DATA FOR THIS EXERCISE =>

+++

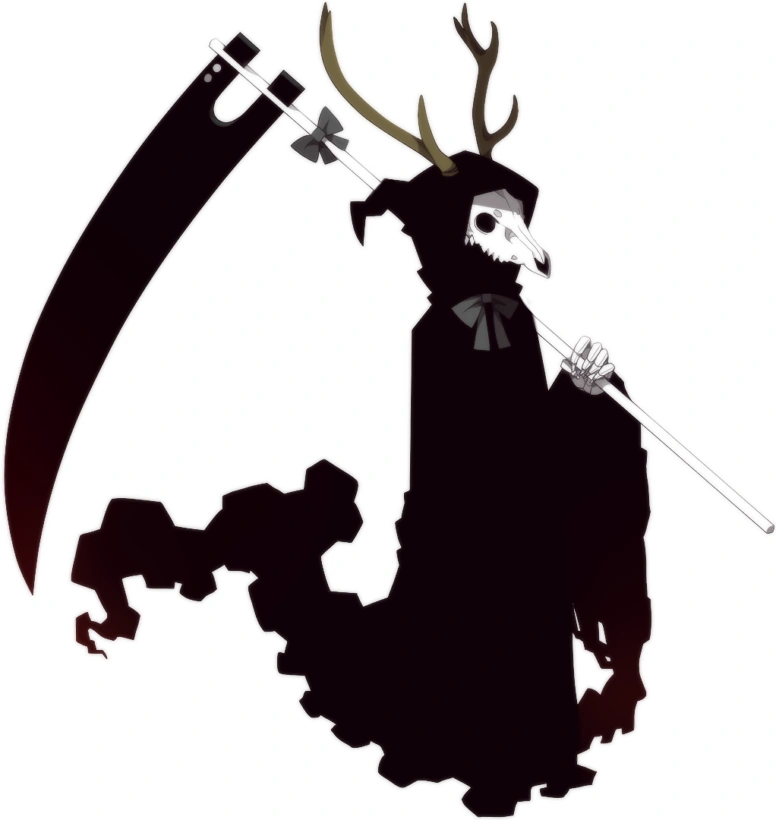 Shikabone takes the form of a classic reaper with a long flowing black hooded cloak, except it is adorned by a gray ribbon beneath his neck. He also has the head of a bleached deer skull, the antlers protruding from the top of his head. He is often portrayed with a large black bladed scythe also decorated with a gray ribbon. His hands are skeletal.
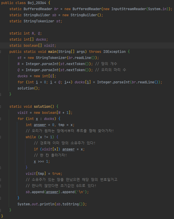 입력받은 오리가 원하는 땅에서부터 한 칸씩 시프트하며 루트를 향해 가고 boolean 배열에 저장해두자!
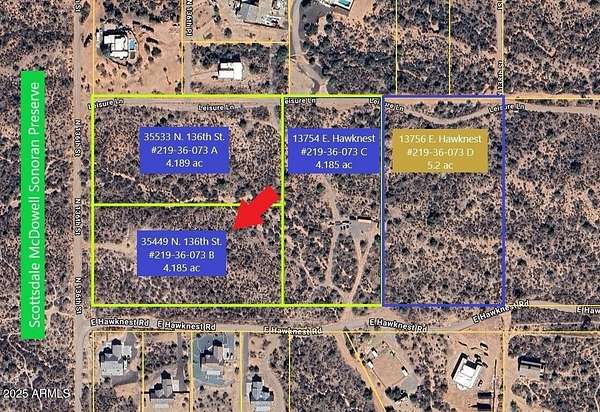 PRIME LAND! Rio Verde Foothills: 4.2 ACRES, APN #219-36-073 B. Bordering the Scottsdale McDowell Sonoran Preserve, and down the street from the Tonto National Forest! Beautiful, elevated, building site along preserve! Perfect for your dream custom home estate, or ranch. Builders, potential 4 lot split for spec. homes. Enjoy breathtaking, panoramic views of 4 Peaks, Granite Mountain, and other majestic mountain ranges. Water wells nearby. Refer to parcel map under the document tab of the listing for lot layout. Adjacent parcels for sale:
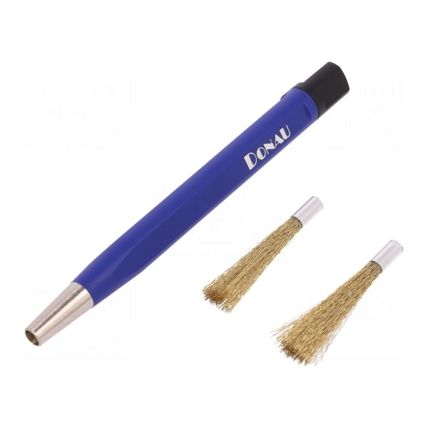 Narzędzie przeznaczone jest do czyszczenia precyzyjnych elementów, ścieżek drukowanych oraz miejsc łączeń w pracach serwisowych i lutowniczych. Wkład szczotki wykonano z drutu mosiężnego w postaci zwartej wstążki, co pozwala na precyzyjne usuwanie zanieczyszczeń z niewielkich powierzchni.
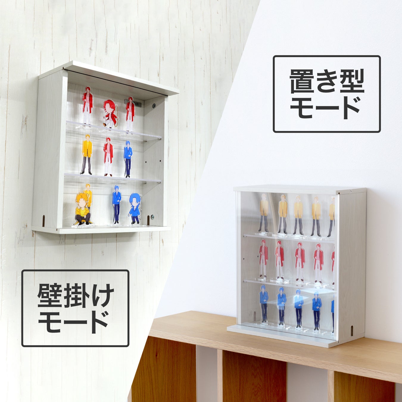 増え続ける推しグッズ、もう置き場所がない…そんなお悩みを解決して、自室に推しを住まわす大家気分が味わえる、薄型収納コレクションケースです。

+++

WORK ORDER => A picture-free version of all the records, repeated exactly, is what to return.

RESULT =>
 Shikabone takes the form of a classic reaper with a long flowing black hooded cloak, except it is adorned by a gray ribbon beneath his neck. He also has the head of a bleached deer skull, the antlers protruding from the top of his head. He is often portrayed with a large black bladed scythe also decorated with a gray ribbon. His hands are skeletal.
 입력받은 오리가 원하는 땅에서부터 한 칸씩 시프트하며 루트를 향해 가고 boolean 배열에 저장해두자!
 PRIME LAND! Rio Verde Foothills: 4.2 ACRES, APN #219-36-073 B. Bordering the Scottsdale McDowell Sonoran Preserve, and down the street from the Tonto National Forest! Beautiful, elevated, building site along preserve! Perfect for your dream custom home estate, or ranch. Builders, potential 4 lot split for spec. homes. Enjoy breathtaking, panoramic views of 4 Peaks, Granite Mountain, and other majestic mountain ranges. Water wells nearby. Refer to parcel map under the document tab of the listing for lot layout. Adjacent parcels for sale:
 Narzędzie przeznaczone jest do czyszczenia precyzyjnych elementów, ścieżek drukowanych oraz miejsc łączeń w pracach serwisowych i lutowniczych. Wkład szczotki wykonano z drutu mosiężnego w postaci zwartej wstążki, co pozwala na precyzyjne usuwanie zanieczyszczeń z niewielkich powierzchni.
 増え続ける推しグッズ、もう置き場所がない…そんなお悩みを解決して、自室に推しを住まわす大家気分が味わえる、薄型収納コレクションケースです。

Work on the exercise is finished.